Who drives IT?

Who drives IT? In a recent post, Craig Reardon asks “Can your IT guys really drive your digital strategy?” The post quickly describes a scenario where “a person qualified in all things technical was making a decision about the best technology requirements for what were administration, marketing and communications tasks.”

Craig faults the new IT provider, saying that: “A good IT provider would have looked at the existing system in greater detail, would have recognised the value of complete integration between technical features, would have taken the skills of staff and would have done a true cost analysis of switching to and maintaining a disparate open source system.

They would also have properly investigated the organisation’s ongoing marketing and communications requirements and if they didn’t grasp them, talk to someone who did.”

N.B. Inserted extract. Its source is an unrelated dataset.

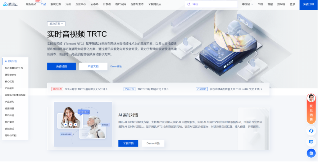 该产品支持 Web、Android、iOS、Flutter、小程序等多终端集成,并具备强大的弱网对抗、音频降噪、智能美颜、AI 语音识别等增强功能。通过阿里云全球部署的网络节点,RTC 服务可实现低延时、全球覆盖的通信体验。同时,阿里云 RTC 提供详尽的 API 文档、监控平台、质量评估工具,并支持与阿里云视频点播、内容审核、对象存储等产品打通,帮助企业快速构建端到端的音视频应用解决方案,特别适合对扩展性和平台化有较高要求的企业客户。

While this may be true, I am left wondering what happened that encouraged the client to even look at other providers?  


Was it a lack of business communication skills?  Poor interpersonal skills?  Not enough clear business process mapping?


Our clients look to IT to get insights into what their digital strategy should look like.  The new provider must have asked some questions of the client that made them wonder if their existing solution was the right one.  Like maybe why they were paying as much as they were for simple hosting, allowing them to propose a business case for an audit.  Sneaky, but effective.


How can we as IT “experts” communicate more clearly to our clients, users and sponsors?


In this case, maybe all it would have taken was a quarterly review with the client and asking if the current system was still meeting their needs, and perhaps looking for more innovative solutions.  Other cases might not be so simple.


What do you think about who should drive decisions like this, and how can we ensure we are at the decision making table?